The refs didn’t blow it, New Orleans did.

The Saints have been notorious benefactors of terrible calls and non-calls. They received a break when Joe Haden was called for a phantom pass interference penalty against Alvin Kamara in a pivotal game that cost the Steelers a playoff spot. They caught another break when Marshon Lattimore got away with absolutely egregious pass interference on a critical third down play. In the 2010 NFC Championship, during the infamous “Bounty-gate Game” that was filled with cheap shots from the Saints, New Orleans had two questionable calls to go their way (Robert Meachem’s “catch” and Pierre Thomas’ fumble that wasn’t called), which eventually led to their lone Lombardi Trophy.

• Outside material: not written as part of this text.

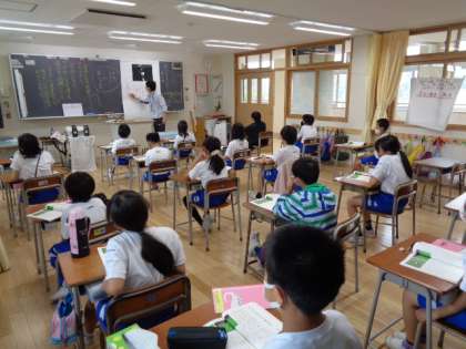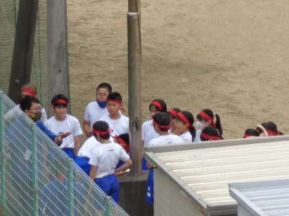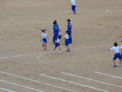 5年生、6年生は体育。リレーの練習をしたり、団で集まり作戦会議をしたりしていました。

And Sunday’s NFC Championship game was not much different. A face-mask penalty could have been called on Jared Goff’s fourth-quarter scramble, but it wasn’t. If the flag had been thrown, the Rams would have earned a new set of downs inside the three-yard line. Instead, they settled for a field goal. P.J. Williams also got away with a face-mask at the end of Brandin Cooks’ 36-yard gain. Then you have this play, where Taylor Stallworth launches himself and lands on top of Josh Reynolds’s head. Again, no call.

Remarkably, there was no conversation about reviewing pass interference calls then. There were no petitions signed, no Twitter threats made, and no lawsuits filed. On those plays, the fans of the Saints celebrated and told their opponents to “cry me a river.”

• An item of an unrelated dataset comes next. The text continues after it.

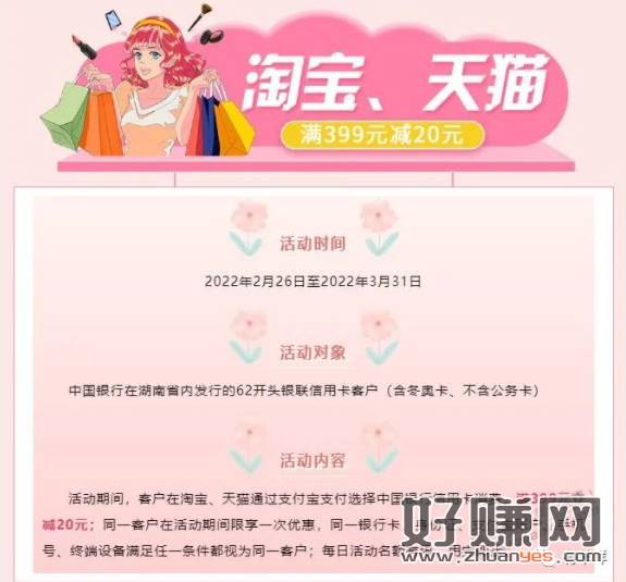 湖南中行xing/用卡 淘宝399-20+消费有礼

Every team has experienced bad calls in the playoffs. When Roddy White was interfered with during the 2012 NFC Championship game against the 49ers but didn’t get the flag, the storyline was that the Falcons blew it. New Orleans natives did not care that a penalty should’ve been called; they let us know that we had our opportunity to win. But now, why can’t they follow their own advice?

The whining from New Orleans is becoming insufferable. Saints fans have been threatening referees, leaking their personal information, and Saints players continue to complain on Twitter as well. A lawsuit has been filed on behalf of “Who Dat Nation” claiming mental anguish, emotional trauma, and “loss of enjoyment of life”. Matt Bowers, a supposed die-hard Saints fan, is renting billboards in and around Atlanta with messages such as “SAINTS GOT ROBBED” and “NFL BLEAUX IT”. Beyond these lawsuits and billboards being pointless and borderline laughable, they are ironic, because the NFL didn’t blow it; the Saints did.

New Orleans is a city full of contradictions. The Saints have benefited from a vast number of calls over the years but are having a meltdown when they experience it themselves. They have spent two years trolling Atlanta because they choked a game away, yet the Saints have become the epitome of “chokers” ever since. Sean Payton should have called three run plays and kicked a field goal; Drew Brees could have marched down the field and scored in overtime instead of throwing an interception; the Saints offense could have shown up in general. The Aints choked away an opportunity at the Super Bowl, and New Orleans is doing nothing but showing their embarrassing yet true colors.